In this file we build machinery for pulling back lawfulness properties for UpwardEnumerable along injective functions that commute with the relevant operations.

structure Std.PRange.UpwardEnumerable.Map (α : Type u) (β : Type v) [UpwardEnumerable α] [UpwardEnumerable β] : Type (max u v)

An injective mapping between two types implementing UpwardEnumerable that commutes with succ? and succMany?.

Having such a mapping means that all of the Prop-valued lawfulness classes around UpwardEnumerable can be pulled back.

• toFun : α → β
• injective : Function.Injective self.toFun
• succ?_toFun (a : α) : succ? (self.toFun a) = Option.map self.toFun (succ? a)
• succMany?_toFun (n : Nat) (a : α) : succMany? n (self.toFun a) = Option.map self.toFun (succMany? n a)

theorem Std.PRange.UpwardEnumerable.Map.succ?_eq_none_iff {α : Type u_1} {β : Type u_2} [UpwardEnumerable α] [UpwardEnumerable β] (f : Map α β) {a : α} : succ? a = none ↔ succ? (f.toFun a) = none

theorem Std.PRange.UpwardEnumerable.Map.succ?_eq_some_iff {α : Type u_1} {β : Type u_2} [UpwardEnumerable α] [UpwardEnumerable β] (f : Map α β) {a b : α} : succ? a = some b ↔ succ? (f.toFun a) = some (f.toFun b)

theorem Std.PRange.UpwardEnumerable.Map.le_iff {α : Type u_1} {β : Type u_2} [UpwardEnumerable α] [UpwardEnumerable β] (f : Map α β) {a b : α} : UpwardEnumerable.LE a b ↔ UpwardEnumerable.LE (f.toFun a) (f.toFun b)

theorem Std.PRange.UpwardEnumerable.Map.lt_iff {α : Type u_1} {β : Type u_2} [UpwardEnumerable α] [UpwardEnumerable β] (f : Map α β) {a b : α} : UpwardEnumerable.LT a b ↔ UpwardEnumerable.LT (f.toFun a) (f.toFun b)

theorem Std.PRange.UpwardEnumerable.Map.succ?_toFun' {α : Type u_1} {β : Type u_2} [UpwardEnumerable α] [UpwardEnumerable β] (f : Map α β) : succ? ∘ f.toFun = Option.map f.toFun ∘ succ?

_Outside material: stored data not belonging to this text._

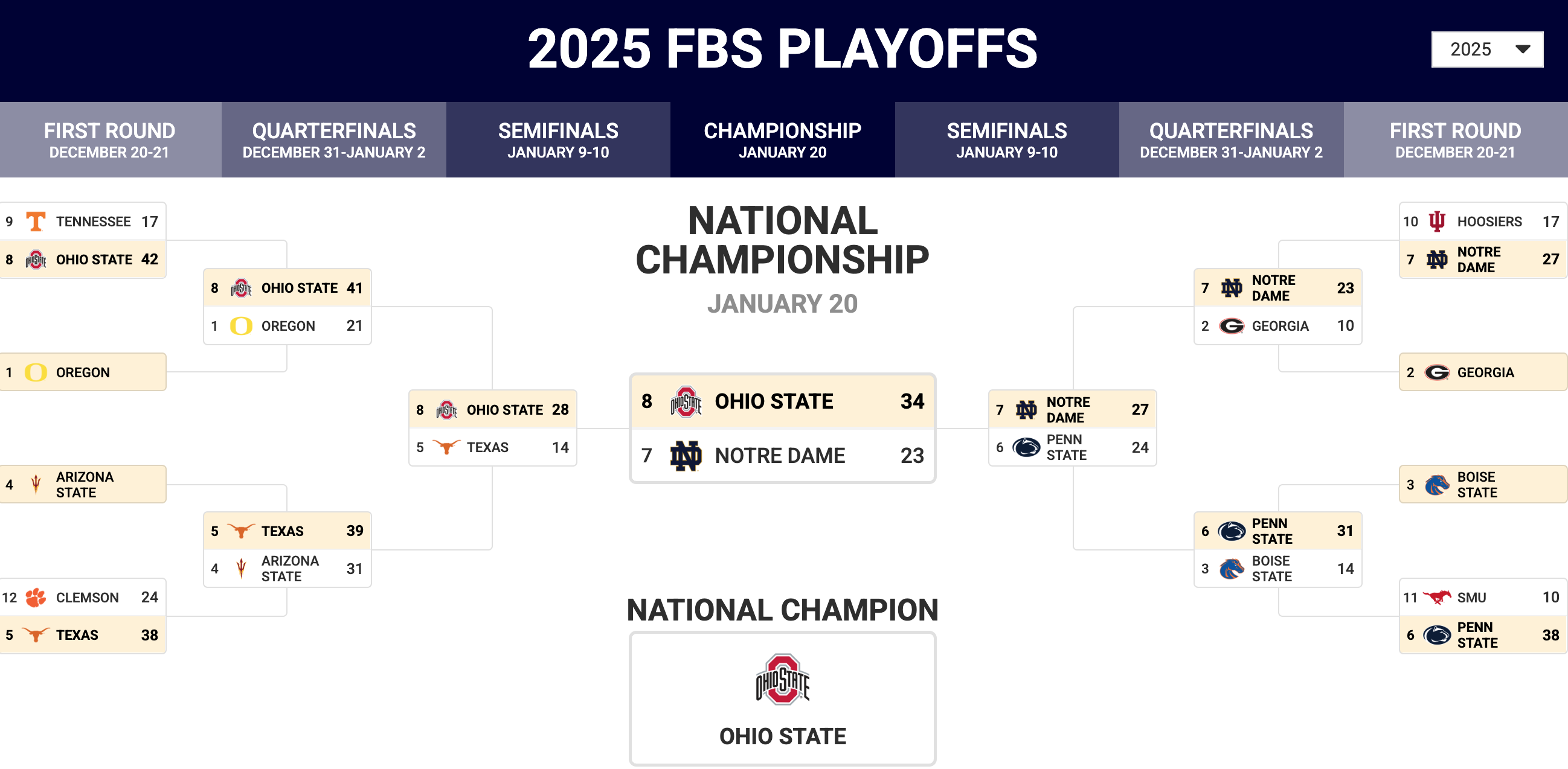 The below image depicts a bracket of matchups for the 2025 FBS College Football Playoff. Leverage the above endpoints to create a similar visual in your solution.
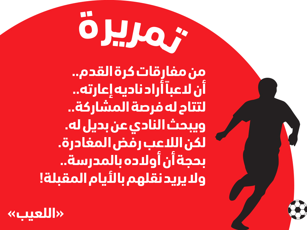 من مفارقات كرة القدممن مفارقات كرة القدم.. أن لاعباً أراد ناديه إعارته.. لتتاح له فرصة المشاركة.. ويبحث النادي عن بديل له. لكن اللاعب رفض المغادرة. بحجة أن أولاده بالمدرسة.. ولا يريد نقلهم بالأيام المقبلة!
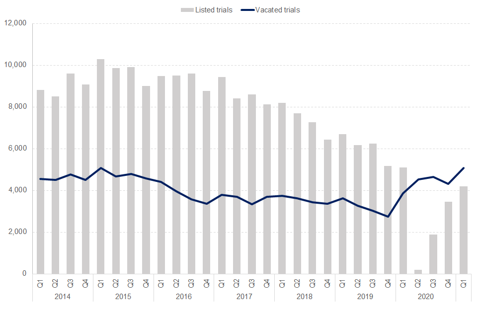 Figure 6: Crown Court listed trials and vacated trials, Q1 2014 – Q1 2021 (Source: Table C2)
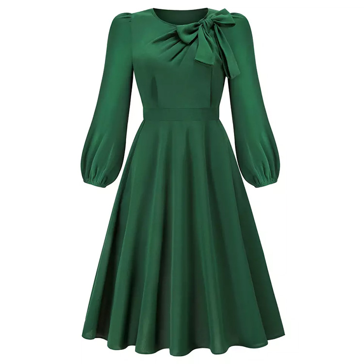 Women’s Fall & Winter Long Sleeve A-Line Dress Green
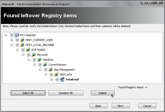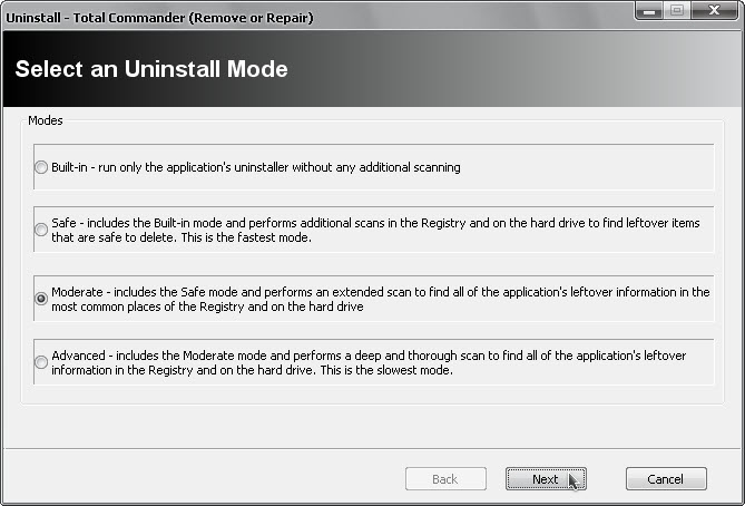โหมด Moderate จะใช้ตัว Uninstaller ที่มากับโปรแกรมนั้นๆในการถอนตัวเองออกก่อน

class Std.PRange.UpwardEnumerable.Map.PreservesLE {α : Type u_1} {β : Type u_2} [UpwardEnumerable α] [UpwardEnumerable β] [LE α] [LE β] (f : Map α β) : Prop

Compatibility class for Map and ≤.

• le_iff {a b : α} : a ≤ b ↔ f.toFun a ≤ f.toFun b

class Std.PRange.UpwardEnumerable.Map.PreservesLT {α : Type u_1} {β : Type u_2} [UpwardEnumerable α] [UpwardEnumerable β] [LT α] [LT β] (f : Map α β) : Prop

Compatibility class for Map and <.

• lt_iff {a b : α} : a < b ↔ f.toFun a < f.toFun b

class Std.PRange.UpwardEnumerable.Map.PreservesRxcSize {α : Type u_1} {β : Type u_2} [UpwardEnumerable α] [UpwardEnumerable β] [Rxc.HasSize α] [Rxc.HasSize β] (f : Map α β) : Prop

Compatibility class for Map and Rxc.HasSize.

• size_eq {a b : α} : Rxc.HasSize.size a b = Rxc.HasSize.size (f.toFun a) (f.toFun b)

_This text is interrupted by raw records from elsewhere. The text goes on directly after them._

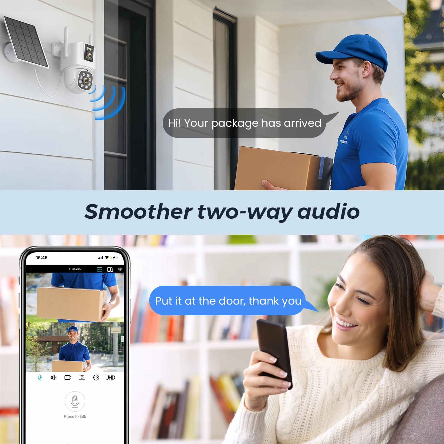 built-in microphone and speaker, loud volume; You could talk to anyone nears the camera ( Warn someone to leave your house ).
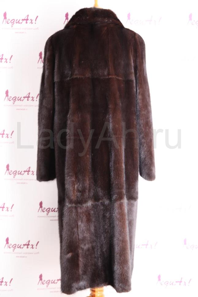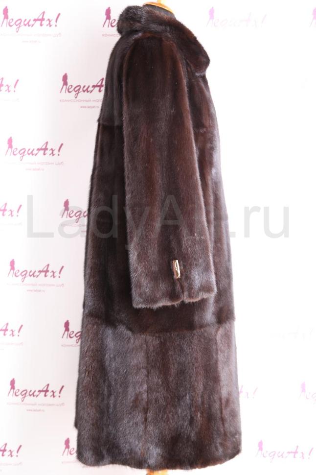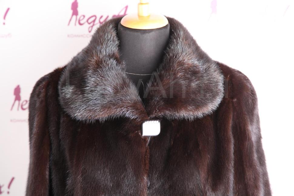 Норковая шуба с полукруглым отложным воротом, комфортной длины. Мех шубы благородный, густой, набивной, с обворожительным блеском. Выделка меха добротная (производство Aris Furs, Греция). Фасон А-силуэт с успехом зрительно "вытянет" фигуру обладательницы, придав стройность и хрупкость.
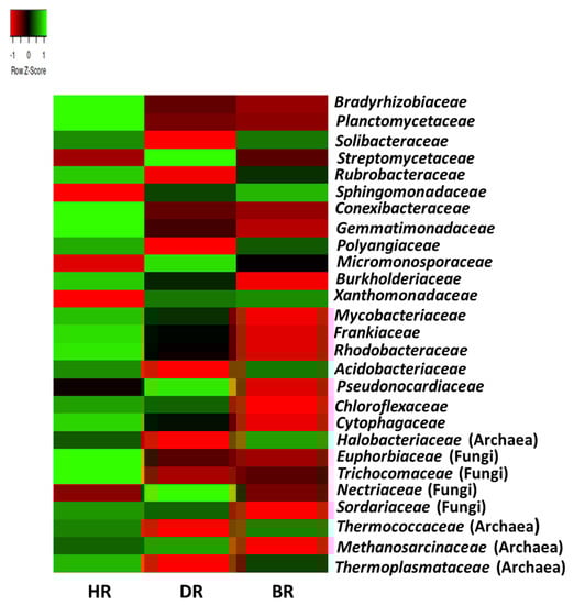The family heatmap of soil microorganisms affiliated with the tomato plants. Each plot with unique color functioned as a saturation gradient employing the mean value with a z-score. HR = rhizosphere soil of healthy tomato plant; DR = rhizosphere soil of diseased tomato plant; and BR = bulk soil obtained from the soil without tomato plantation.

class Std.PRange.UpwardEnumerable.Map.PreservesRxoSize {α : Type u_1} {β : Type u_2} [UpwardEnumerable α] [UpwardEnumerable β] [Rxo.HasSize α] [Rxo.HasSize β] (f : Map α β) : Prop

Compatibility class for Map and Rxo.HasSize.

• size_eq {a b : α} : Rxo.HasSize.size a b = Rxo.HasSize.size (f.toFun a) (f.toFun b)

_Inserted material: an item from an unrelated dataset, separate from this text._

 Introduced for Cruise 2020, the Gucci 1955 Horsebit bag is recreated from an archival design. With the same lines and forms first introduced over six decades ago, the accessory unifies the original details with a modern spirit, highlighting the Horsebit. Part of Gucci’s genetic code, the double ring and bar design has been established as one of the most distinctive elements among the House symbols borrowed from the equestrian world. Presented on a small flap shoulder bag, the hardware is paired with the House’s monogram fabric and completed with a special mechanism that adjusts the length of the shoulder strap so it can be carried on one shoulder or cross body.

class Std.PRange.UpwardEnumerable.Map.PreservesRxiSize {α : Type u_1} {β : Type u_2} [UpwardEnumerable α] [UpwardEnumerable β] [Rxi.HasSize α] [Rxi.HasSize β] (f : Map α β) : Prop

Compatibility class for Map and Rxi.HasSize.

• size_eq {b : α} : Rxi.HasSize.size b = Rxi.HasSize.size (f.toFun b)

class Std.PRange.UpwardEnumerable.Map.PreservesLeast? {α : Type u_1} {β : Type u_2} [UpwardEnumerable α] [UpwardEnumerable β] [Least? α] [Least? β] (f : Map α β) : Prop

Compatibility class for Map and Least?.

• map_least? : Option.map f.toFun least? = least?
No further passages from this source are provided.